Two oxides of a metal contains 50% and 40% of a metal respectively .The formula of the first oxide is MO. Then the formula of the second oxide is :-

To solve the problem step by step, we will analyze the given information about the two oxides of a metal. ### Step 1: Determine the molecular weight of the metal from the first oxide (MO). - The first oxide contains 50% metal and 50% oxygen. - The formula of the first oxide is given as MO, where M is the metal and O is oxygen. - The molar mass of oxygen (O) is 16 g/mol.

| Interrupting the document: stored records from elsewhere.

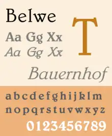 A digital version, also simply called Belwe, was released in 1989 by ITC. Another version, Belwe EF, is made by Elsner+Flake.
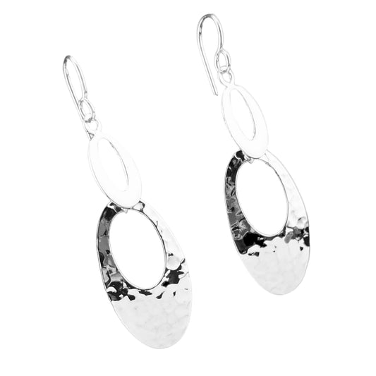 Sterling Silver .925 HOOK Earrings 22mmx50mm Two Tier Open Ovals with Hammered and Smooth finish
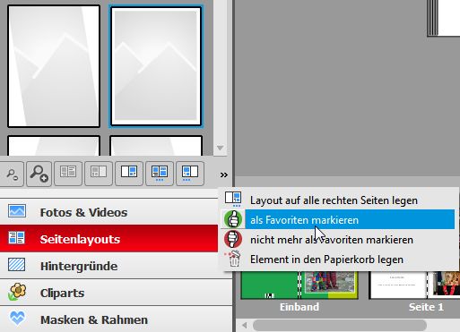 wie meine Vorredner bereits geschrieben haben, ist dies leider nicht möglich. Wenn Sie jedoch wenige Layouts bevorzugen und diese häufig verwenden, ist die manuelle Erstellung durchaus sinnvoll. So einfach geht es: 1. Wählen Sie ein Layout aus 2. Platzieren Sie ein kleines Textfeld mittels des Seitenrasters 3. Speichern Sie das Layout mit der Funktion "Layout speichern" ab 4. Führen Sie die Schritte 1-3 ggf. noch mit weiteren Layouts durch 5. Wenden Sie diese Layouts nun nach Bedarf an und passen Sie die Seitenzahl manuell an. Mein Tipp: Ab Version 5.1. können Sie alle Inhalte (Layouts, Cliparts, Hintergründe, Masken und Rahmen) als Favorit markieren. Dazu brauchen Sie einfach nur den gewünschten Inhalt auswählen und auf "Favoriten markieren" klicken. Sylke Re: Seitenzahl auf einzelnen Seiten ausblendenVielen Dank Sylke,

Using the percentage composition: \[ \frac{x}{x + 16} \times 100 = 50 \] where \(x\) is the molar mass of the metal. ### Step 2: Set up the equation and solve for \(x\). \[ \frac{x}{x + 16} = \frac{50}{100} = \frac{1}{2} \] Cross-multiplying gives: \[ 2x = x + 16 \] Subtracting \(x\) from both sides: \[ x = 16 \text{ g/mol} \] Thus, the molar mass of the metal (M) is 16 g/mol. ### Step 3: Analyze the second oxide. - The second oxide contains 40% metal and 60% oxygen. - Let's assume we have 100 g of the second oxide for easier calculation. - Therefore, the mass of the metal is 40 g and the mass of oxygen is 60 g. ### Step 4: Calculate the moles of metal and oxygen in the second oxide. - Moles of metal (M): \[ \text{Moles of M} = \frac{40 \text{ g}}{16 \text{ g/mol}} = 2.5 \text{ moles} \] - Moles of oxygen (O): \[ \text{Moles of O} = \frac{60 \text{ g}}{16 \text{ g/mol}} = 3.75 \text{ moles} \] ### Step 5: Determine the mole ratio of metal to oxygen. - The mole ratio of metal to oxygen is: \[ \frac{2.5}{3.75} = \frac{2.5 \div 2.5}{3.75 \div 2.5} = \frac{1}{1.5} = \frac{2}{3} \] ### Step 6: Write the empirical formula based on the mole ratio. - The ratio of metal (M) to oxygen (O) is 2:3. - Therefore, the formula for the second oxide is \(M_2O_3\). ### Final Answer: The formula of the second oxide is \(M_2O_3\). ---